:: The data ::
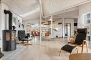 House-ID: 8830Welcome Inside In the deep, dense forest, this summer house hides among the green foliage of the trees. It is a place where every corner exudes coziness and warmth, and where the presence of nature feels like a welcome embrace. On the veranda, there is an atmosphere of relaxation and togetherness, with a terrace heater and a windbreak that create a comfortable cocoon, allowing you to sit outside for a long time. Overhead, the grapevines sway, giving a sense of being on a southern terrace in the middle of the Danish forest. The kitchen has a summer house vibe with a touch of rustic charm. Here, you can prepare delicious holiday meals while keeping an eye on the little ones and chatting with the older ones. In the living room, the flames from the wood-burning stove dance, and in the corner, there is a dining nook with a rustic bench, where you can enjoy meals with a view of the enchanting forest outside. The summer house offers two cozy bedrooms - both with double beds and a sleeping loft, where dreams can fly freely under the sloping ceiling. The bathroom is equipped with everything you need to feel welcome and comfortable.
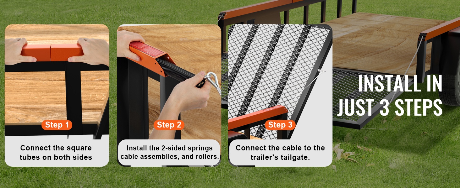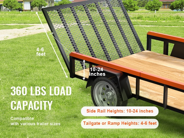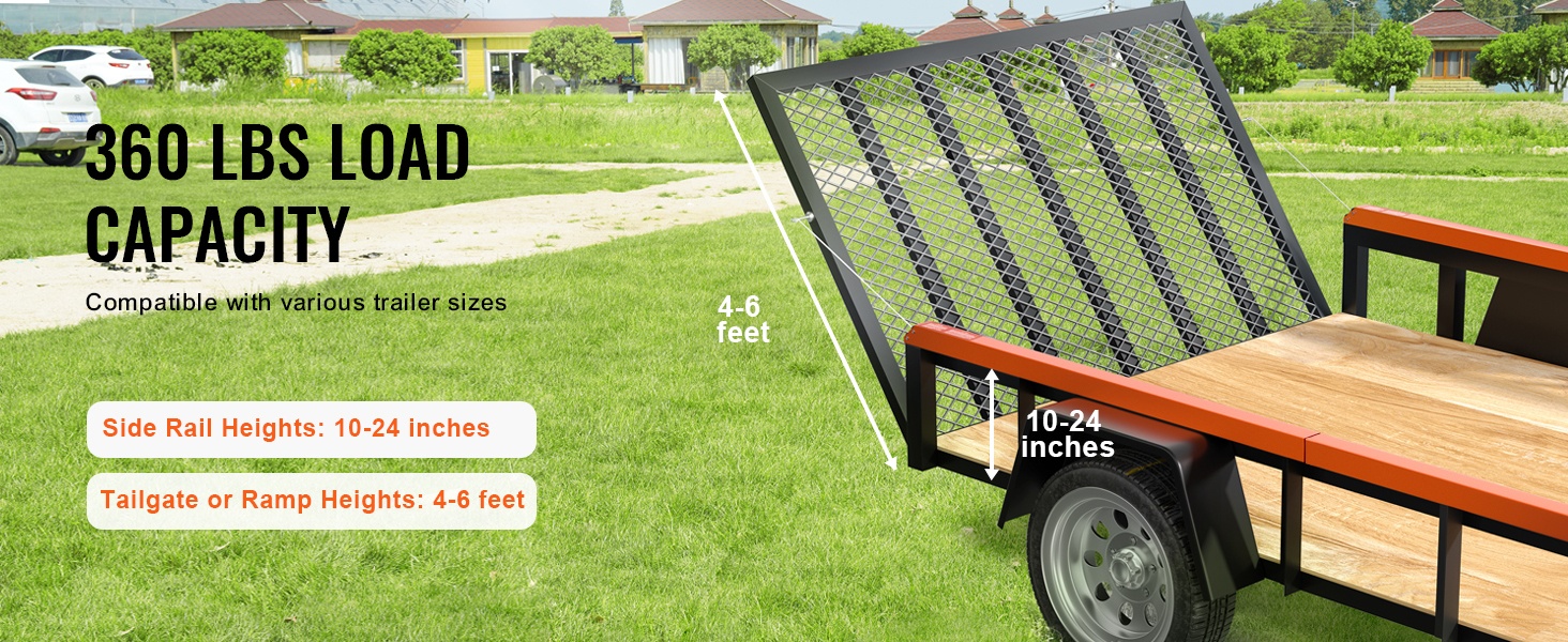Nostin sopii useimpiin avoimiin hyötyperävaunuihin. Se on suunniteltu perävaunuihin, joissa sivukaiteen korkeus on 10–24 inch, ja perälaudan tai rampin korkeus on 4–6 feet. Kaksipuolinen rakenne mahdollistaa jopa 360 lbs kokonaiskuorman (molemmat puolet yhdessä).
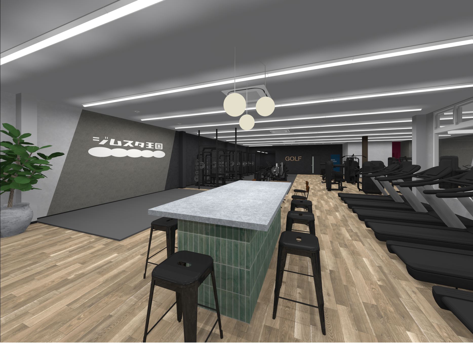 設備:ジム・サウナ(男性専用)・シミュレーションゴルフ・更衣室・ワーキングスペース
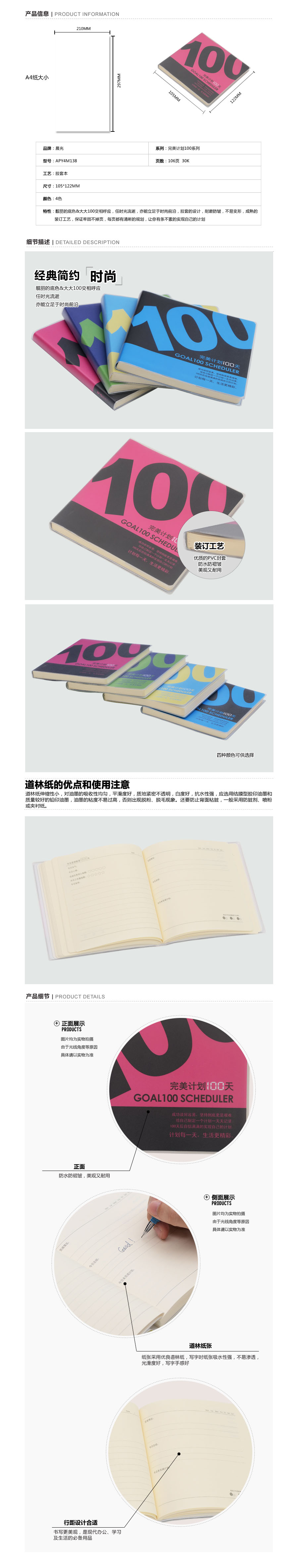 品名:晨光(M&G) 胶套本 APY4M138 完美计划100天 106页 30K 颜色随机
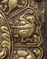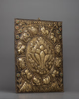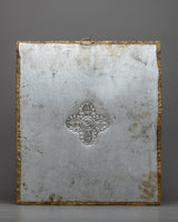 A metal thangka is a type of thangka painting that is made on a metal surface rather than on traditional canvas or paper. Metal thangkas are often made using copper, brass, or silver and are usually decorated with intricate designs and Buddhist iconography using a technique called repoussé. This involves hammering the metal from the reverse side to create a raised relief image on the front. Metal thangkas are known for their durability and are often used in ritual contexts or as decorative pieces in Buddhist homes and temples. They are particularly common in Tibet, where they have been produced for centuries.
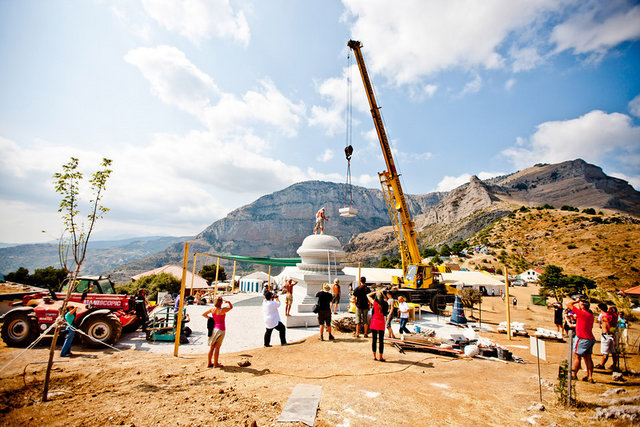 Алекс и Патриция, ставшие по просьбе ламы Оле "родителями" ретритного центра в Греции, с особенным чувством впервые принимали на этой земле более 2000 человек, приехавших на открытие ступы. На заре истории КБЛ представить здесь проведение большого курса было сложно не только из-за суровых условий гор Пелопоннеса, но и из-за полного неприятия со стороны местного населения. Первые постройки дважды сжигали. Однако, благодаря совместной работе идеалистов с запада и греческой Сангхи, теперь буддизм в Греции официально признан на государственном уровне. Алекс и Патриция рассказали, что место это действительно обладает необычной силой и моментально отражает состояние ума – большинство дел здесь приходилось переделывать как минимум по два раза, всё и все порой казались такими запутанными, а работа не клеилась до такой степени, что приходилось останавливаться и объявлять медитационный ретрит на несколько дней. Зато медитировать здесь – это самый большой подарок, который только можно себе представить: нигде практика не продвигается так быстро и радостно.

:: Exercise details ::
Reproduce the material word for word, but without its images.

:: Task solution ::
 House-ID: 8830Welcome Inside In the deep, dense forest, this summer house hides among the green foliage of the trees. It is a place where every corner exudes coziness and warmth, and where the presence of nature feels like a welcome embrace. On the veranda, there is an atmosphere of relaxation and togetherness, with a terrace heater and a windbreak that create a comfortable cocoon, allowing you to sit outside for a long time. Overhead, the grapevines sway, giving a sense of being on a southern terrace in the middle of the Danish forest. The kitchen has a summer house vibe with a touch of rustic charm. Here, you can prepare delicious holiday meals while keeping an eye on the little ones and chatting with the older ones. In the living room, the flames from the wood-burning stove dance, and in the corner, there is a dining nook with a rustic bench, where you can enjoy meals with a view of the enchanting forest outside. The summer house offers two cozy bedrooms - both with double beds and a sleeping loft, where dreams can fly freely under the sloping ceiling. The bathroom is equipped with everything you need to feel welcome and comfortable.
Nostin sopii useimpiin avoimiin hyötyperävaunuihin. Se on suunniteltu perävaunuihin, joissa sivukaiteen korkeus on 10–24 inch, ja perälaudan tai rampin korkeus on 4–6 feet. Kaksipuolinen rakenne mahdollistaa jopa 360 lbs kokonaiskuorman (molemmat puolet yhdessä).
 設備:ジム・サウナ(男性専用)・シミュレーションゴルフ・更衣室・ワーキングスペース
 品名:晨光(M&G) 胶套本 APY4M138 完美计划100天 106页 30K 颜色随机
 A metal thangka is a type of thangka painting that is made on a metal surface rather than on traditional canvas or paper. Metal thangkas are often made using copper, brass, or silver and are usually decorated with intricate designs and Buddhist iconography using a technique called repoussé. This involves hammering the metal from the reverse side to create a raised relief image on the front. Metal thangkas are known for their durability and are often used in ritual contexts or as decorative pieces in Buddhist homes and temples. They are particularly common in Tibet, where they have been produced for centuries.
 Алекс и Патриция, ставшие по просьбе ламы Оле "родителями" ретритного центра в Греции, с особенным чувством впервые принимали на этой земле более 2000 человек, приехавших на открытие ступы. На заре истории КБЛ представить здесь проведение большого курса было сложно не только из-за суровых условий гор Пелопоннеса, но и из-за полного неприятия со стороны местного населения. Первые постройки дважды сжигали. Однако, благодаря совместной работе идеалистов с запада и греческой Сангхи, теперь буддизм в Греции официально признан на государственном уровне. Алекс и Патриция рассказали, что место это действительно обладает необычной силой и моментально отражает состояние ума – большинство дел здесь приходилось переделывать как минимум по два раза, всё и все порой казались такими запутанными, а работа не клеилась до такой степени, что приходилось останавливаться и объявлять медитационный ретрит на несколько дней. Зато медитировать здесь – это самый большой подарок, который только можно себе представить: нигде практика не продвигается так быстро и радостно.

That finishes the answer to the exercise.